ASF GitHub Bot updated ARROW-11799:
-----------------------------------
    Labels: pull-request-available  (was: )

> [Rust] String and Binary arrays created with incorrect length from unbound iterator
> -----------------------------------------------------------------------------------
>
>                 Key: ARROW-11799
>                 URL: https://issues.apache.org/jira/browse/ARROW-11799
>             Project: Apache Arrow
>          Issue Type: Improvement
>          Components: Rust
>    Affects Versions: 3.0.0
>            Reporter: Yordan Pavlov
>            Assignee: Yordan Pavlov
>            Priority: Major
>              Labels: pull-request-available
>          Time Spent: 10m
>  Remaining Estimate: 0h
>
> While looking for a way to make loading array data from parquet files faster, I stumbled on an edge case where string and binary arrays are created with an incorrect length from an iterator with no upper bound.

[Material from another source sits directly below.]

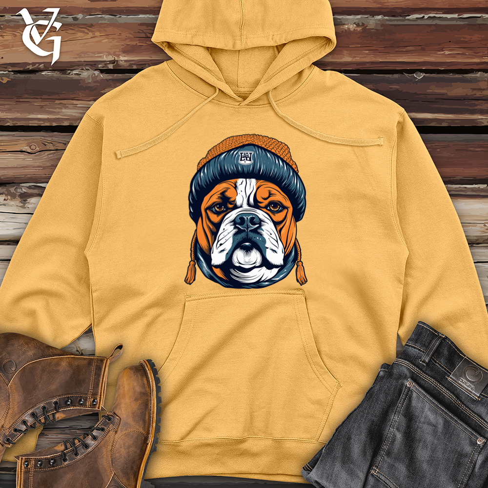 Vintage Beanie Wearing Bulldog Midweight Hooded Sweatshirt

> Here is a simple example:
> ```
>  // iterator that doesn't declare (upper) size bound
>         let string_iter = (0..).scan(0usize, |pos, i| { 
>             if *pos < 10 {
>                 *pos += 1;
>                 Some(Some(format!("value {}", i)))
>             }
>             else {
>                 // actually returns up to 10 values
>                 None
>             }
>         })
>         // limited using take()
>         .take(100);
>         let (lower_size_bound, upper_size_bound) = string_iter.size_hint();
>         assert_eq!(lower_size_bound, 0);
>         // the upper bound, defined by take above, is 100
>         assert_eq!(upper_size_bound, Some(100));
>         let string_array: StringArray = string_iter.collect();
>         // but the actual number of items in the array is 10
>         assert_eq!(string_array.len(), 10);
> ```
> Fortunately this is easy to fix by using the length of the child offset array and I will be creating a PR for this shortly.